New research reveals the fungal pathogen devastating commercial banana crops around the world did not evolve from the strain that wiped out Gros Michel bananas in the 1950s.
Virulence of the new strain, Fusarium oxysporum f.sp. cubense (Foc) tropical race 4 (TR4), seems to be driven by genes associated with the production and detoxification of nitric oxide.
The study appears in Nature Microbiology.
“The kind of banana we eat today is not the same as the one your grandparents ate,” says Li-Jun Ma, professor of biochemistry and molecular biology at the University of Massachusetts Amherst, US, and the paper’s senior author.
“Those old ones, the Gros Michel bananas, are functionally extinct, victims of the first Fusarium outbreak in the 1950s.”
Gros Michel were replaced with the Cavendish variety, which remains the most popular commercially available banana today. But, since the outbreak of TR4 in 1990s, scientists have been working tirelessly to prevent history from repeating itself.
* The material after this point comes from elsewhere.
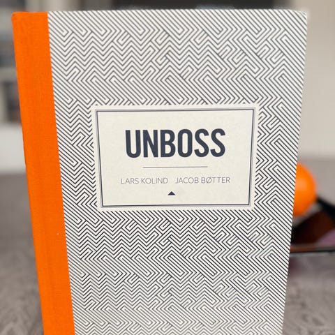 Unboss bog med orange ryg og mønstret omslag. Bogen har et tekstomslag med information på bagsiden.

Ma and colleagues sequenced and compared 36 different Foc strains collected around the globe. They determined that TR4 uses accessory genes associated with fungal nitric oxide to invade its banana host.
They could greatly reduce the virulence of Foc TR4 by knocking out 2 genes that control nitric oxide production.
“Identifying these accessory genetic sequences opens up many strategic avenues to mitigate, or even control, the spread of Foc TR4,” says Ma.
However, to Ma, the ultimate problem facing bananas is the practice of monocropping.
“When there’s no diversity in a huge commercial crop, it becomes an easy target for pathogens,” she says.